Большаки на рассвете — страница 58 из 95


Время сказок о Красной Бороде, о волшебной лампе Алладина, об Али-Бабе и сорока разбойниках, о резвом скакуне, вихрем взлетающем на стеклянную гору, где в заточении томится прекрасная царевна, кончилось, хотя в боязливом карканье ворон над сумеречными сосновыми рощицами Юозасу еще долго будут мниться жалобы двенадцати братьев, превращенных в черных воронов. Волнуют его и сказки о гадком утенке, о людях, обернувшихся зверями или птицами, о тех, кто не может рассказать о своих злоключениях, потому что отняли у них голос, лишили их дара речи.

Ветреными ночами Юозас читает предания и легенды о Вильнюсе, и старые улочки и дома этого города навсегда пропитываются воздухом времен шведского нашествия, а в безоблачном небе плывут вереницы облаков, таких же, как те, которые проносились над площадью перед ратушей, когда солдаты вели на плаху приговоренного к смерти преступника; весенним ветрам никогда не удастся высушить пятна крови на стене у Остробрамской часовни, которые оставил какой-нибудь пронзенный копьем шведский латник.

Настала пора приключений, подвигов и путешествий. Друзей оглушило громкое «ура!», вырвавшееся из окопов, кони, мчащиеся гибельным вихрем, цокот копыт. Порой мальчишки успевали увидеть и искаженное от ярости лицо мчащегося впереди командора. Или долго простаивали в изголовье парализованного героя; герой почти беззвучно шевелил губами, желая что-то сказать им. Вдруг друзья торжественно замолкали. Неожиданные порывы смелости и величия гнули их, как ветер гнет деревья.

Четвертый класс, пятый, шестой…

Опустошив местечковую и школьную библиотеки, они отправятся в клуб-читальню совхоза, открытую в бывшем помещичьем амбаре, и, пугая упитанных крыс, многочисленный род которых хозяйничал здесь со времен крепостничества, будут запихивать за пазухи и за голенища сапог обгрызенные газеты, а между тем косоглазый заведующий, выдувший целую бутылку вина, будет спать блаженным сном напротив печки, которую никто целыми неделями не топил, а когда проснется, попытается отогреть замерзшие чернила; он будет долго стыдить сорванцов за то, что они-де повсюду ищут дураков, и хотя он все видит, но ему неудобно говорить: вы ученые, может, вы понимаете больше, чем я. Но они быстро заткнут ему глотку: «Если ты будешь так говорить, — скажет Альбинас, — мы в газету напишем, какой тут у тебя порядок. Книги гниют, стены в дырах, у печки куча дров, только ее никто ни разу за зиму не затопил, а вот заведующий, хитрец, греется — сидит и хлещет вино. Разве такой должен быть порядок в клубном учреждении? Разве такой?»

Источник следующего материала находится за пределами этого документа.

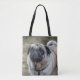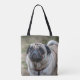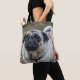 A beautiful photograph of a cute pug dog printed on both sides of a tote bag.
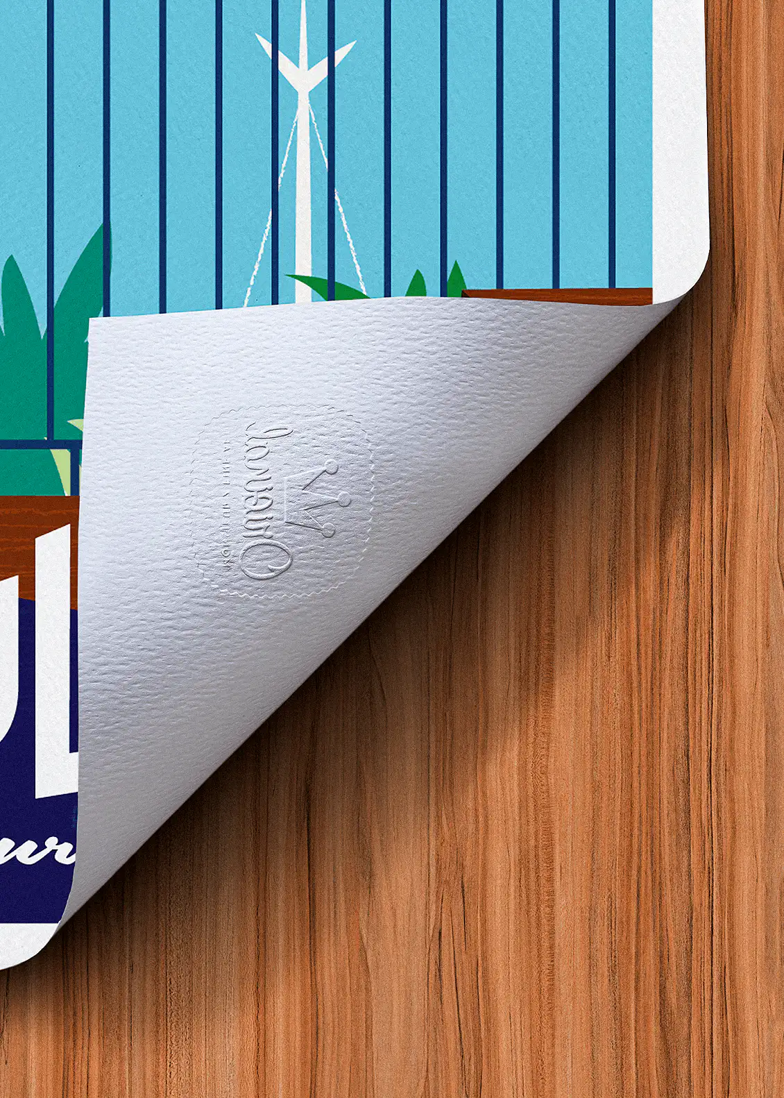 Un gaufrage discret, apposé directement sur le papier, certifie l’origine et la qualité du tirage. Ce sceau inaltérable est une marque d’authenticité.
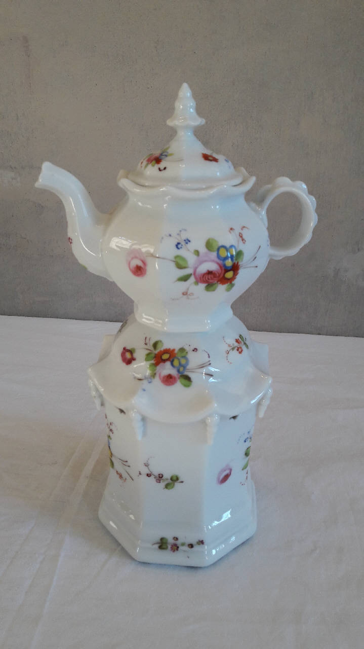 La veilleuse a fondo bianco si compone di quattro elementi: fusto esagonale con piede espanso, apertura per il godet, fori superiori per areazione, orlo superiore mosso rastremato verso l'alto; godet all'interno del fusto; teiera panciuta sfaccettata, orlo espanso ondulato, manico ad anello, mosso esternamente, beccuccio con parte terminale mossa; coperchio a cupola con presa a punta. Presenta una delicata decorazione floreale multicolore e multi varietà dipinta a mano sul fusto, il corpo della teiera e il relat\nivo coperchio; elementi decorativi in rilievo.

Уже в сумерках они выскальзывали во двор, и на них обрушивалась рассвирепевшая вьюга или ливень, и надрывали животики и лезли из кожи вон, чтобы перещеголять друг друга — что-нибудь посмешнее сказать или выкинуть…

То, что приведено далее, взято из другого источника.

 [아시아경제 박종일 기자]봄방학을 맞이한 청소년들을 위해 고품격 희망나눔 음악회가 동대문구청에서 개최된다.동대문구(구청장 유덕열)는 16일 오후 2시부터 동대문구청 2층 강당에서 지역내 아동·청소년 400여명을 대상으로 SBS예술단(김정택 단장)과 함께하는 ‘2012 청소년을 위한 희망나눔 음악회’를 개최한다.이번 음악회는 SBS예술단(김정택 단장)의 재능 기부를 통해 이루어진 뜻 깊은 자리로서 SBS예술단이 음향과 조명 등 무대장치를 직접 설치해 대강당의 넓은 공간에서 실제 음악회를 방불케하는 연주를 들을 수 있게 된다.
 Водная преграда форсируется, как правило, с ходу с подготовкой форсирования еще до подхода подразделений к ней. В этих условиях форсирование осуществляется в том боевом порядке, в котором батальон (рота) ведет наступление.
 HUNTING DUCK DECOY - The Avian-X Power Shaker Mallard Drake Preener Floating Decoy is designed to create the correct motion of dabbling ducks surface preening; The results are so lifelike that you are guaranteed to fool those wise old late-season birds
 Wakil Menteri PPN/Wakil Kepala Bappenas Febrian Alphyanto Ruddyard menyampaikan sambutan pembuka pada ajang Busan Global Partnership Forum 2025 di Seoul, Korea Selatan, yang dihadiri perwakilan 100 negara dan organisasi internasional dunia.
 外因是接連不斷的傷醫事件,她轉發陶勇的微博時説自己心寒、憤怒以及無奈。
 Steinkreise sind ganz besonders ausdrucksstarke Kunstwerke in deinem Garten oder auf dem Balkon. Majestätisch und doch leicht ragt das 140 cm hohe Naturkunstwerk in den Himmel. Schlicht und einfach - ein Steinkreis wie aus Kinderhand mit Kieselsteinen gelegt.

Настоящей эпидемией стали в школе приключения Тарзана. Выцветшие, потрепанные, сотни раз склеенные и разодранные, без начала и конца книжонки тайком переходили из рук в руки. Если какой-нибудь мальчуган ни с того ни с сего принимался аукать, кривляться или лазать по деревьям — все знали: он Тарзан.

Тарзан — какой-нибудь хилый паренек с желтым лицом — то и дело разглядывал высокие клены, крутился в поисках «удобного местечка», поглядывая, на какую бы верхушку дерева взобраться.

Казалось, не было для них ничего невозможного, недосягаемого, хотя иной боялся в сумерках нос во двор высунуть. Альбинас с Юозасом тарзаньей болезнью переболели легко, однако, когда в школе раздавались обезьяньи крики, и они не отставали от других, а учитель зоологии и истории, поправляя очки и тыкая палочкой в рисунки, изображающие эволюцию живого мира, поглядывал на учеников с испугом, отводя глаза в сторону, словно не верил тому, что видит или может увидеть.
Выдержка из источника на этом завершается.